Brunello restò in silenzio, lisciandosi di nuovo i baffi; poi: – Senta, – incominciò alzando lo sguardo verso il suo interlocutore – forse una soluzione, se lei è d’accordo, si può trovare. Nel mio studio ho un giovane e valido collaboratore, l’avvocato Stefano Cavinato, un tipo in gamba, desideroso mostrare il suo valore e di mettersi in proprio. Stefano potrebbe prendersi carico del suo caso. Sono sicuro che lo farà, e che saprà affrontare il processo anche contro Caron e Bizzotto. Questo garantirebbe a lei di non perdere altro tempo e a me di evitare lo scontro diretto con lo studio di Caron. Che ne dice?
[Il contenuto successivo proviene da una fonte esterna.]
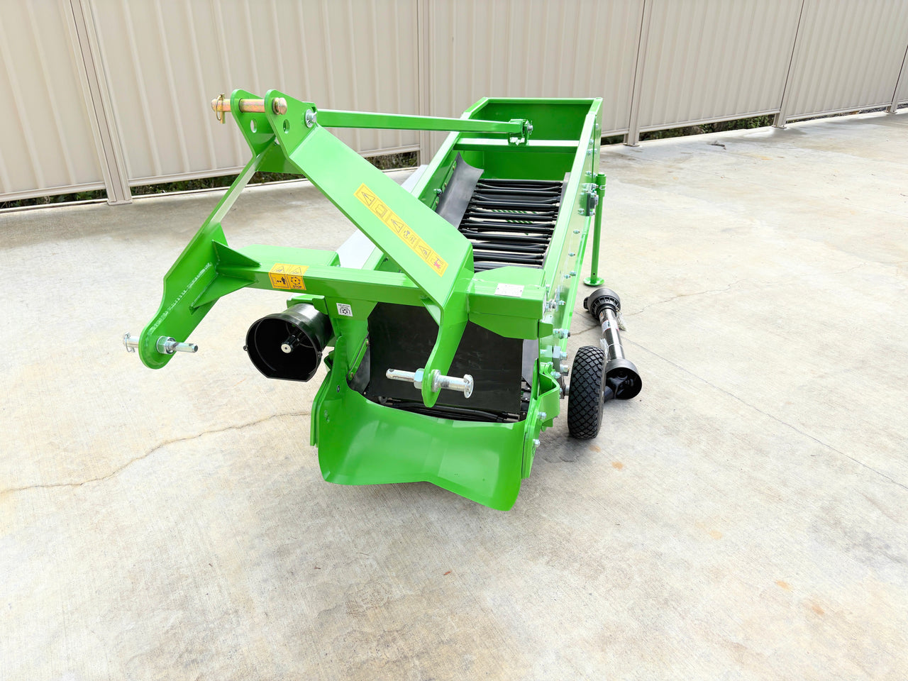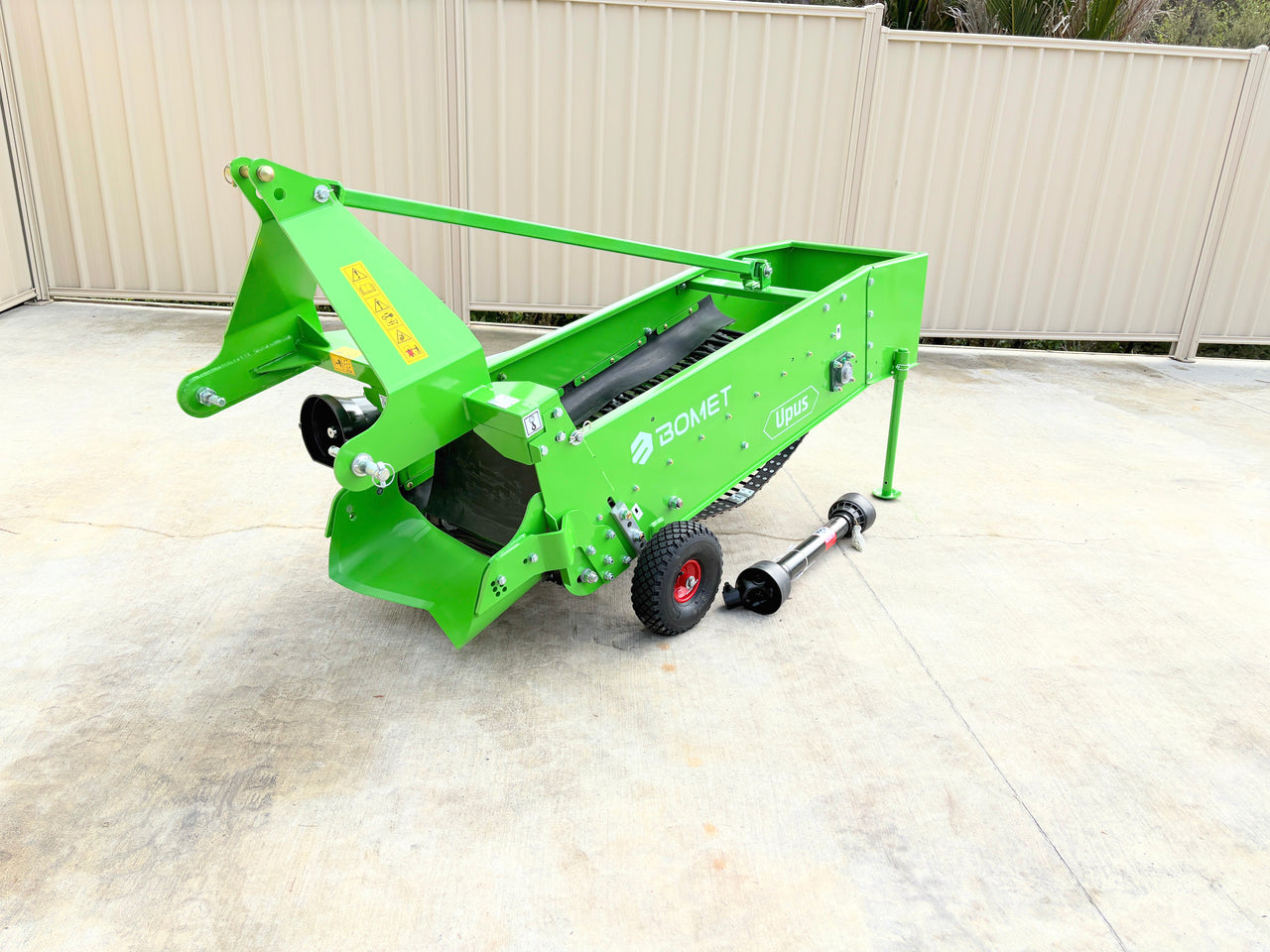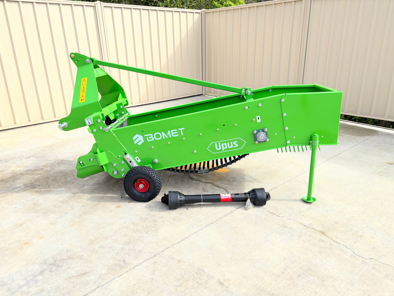 The Bomet Upus is a one-row machine mounted on the three-point linkage and driven by the tractor power take-off shaft. The digger is fitted with dual category 1 and 2 lower pins.

A Angelo non restavano molte alternative, accettò, senza entusiasmo, questa soluzione, ma volle parlare subito con il nuovo avvocato. Il giovane – aveva compiuto da poco trentacinque anni – gli fece una buona impressione. Gli spiegò a grandi linee la sua situazione, rimandando per i dettagli alla memoria scritta che aveva già consegnato agli avvocati, prima a Feltrin, poi a Brunello. Si salutarono con l’impegno di risentirsi presto e uscì in strada. Non voleva tornare subito a casa: allungò un po’ il percorso, passò dietro l’Accademia e si trovò, dopo aver girovagato tra le calli, inseguendo vaghi profumi floreali, sulla riva del Canale della Giudecca, all’altezza della Fondamenta degli Incurabili. Si fermò a osservare le increspature dell’acqua, le acrobazie dei gabbiani, le case e i palazzi illuminati dal sole sull’altra sponda, la Giudecca, e un’imprevista vertigine, il ricordo sommerso di stagioni perdute lo colse all’improvviso e lo rapì per qualche prezioso attimo, gli fece chiudere gli occhi, assaporando il calore sulla pelle e l’odore di salso che la brezza portava con sé: da una finestra proveniva il suono di un pianoforte – Bach, era sicuro. Si sporse sul bordo della fondamenta, cercando il riflesso della sua immagine sullo specchio della laguna. Provò un’irragionevole desiderio di scivolare dentro l’acqua, un grembo accogliente dove dimenticare tutto, e diventare leggero, per sempre, affiorare e affondare. Gli tornarono in mente i versi di un libro che Luccini, il suo professore del liceo, gli aveva prestato, quelli su Fleba il Fenicio. Com’era? “Una corrente sotto il mare gli spolpò le ossa in bisbigli…” E Luccini, che direbbe, oggi, Luccini, del suo “brillante allievo”, ridotto a postulante? Al suo circolo “Italia-Urss” non c’era mai andato, e neanche “Al Pozzetto”, il circolo che aveva fondato a Padova. Se è per quello, si disse, neanche al suo funerale sono andato, pochi anni fa. Povero Luccini, anche lui, quante umiliazioni ha subito dal suo stesso partito, lui e il suo pensiero critico… Gli dispiaceva, ora, non aver avuto il coraggio di andare a trovarlo. Chissà su che argomenti avrebbero discusso… se gli avrebbe rimproverato ancora il suo “profetismo neoclericale”… “Medita su Fleba, che fu una volta alto e bello come te”, gli avrebbe detto, con la sua ironia.
Da un rio sbucò un barchino a motore con alcuni ragazzi vocianti: il baccano coprì il suono della musica. Disturbato, anche Angelo troncò il corso dei suoi pensieri, volse i suoi passi e tornò verso la stazione.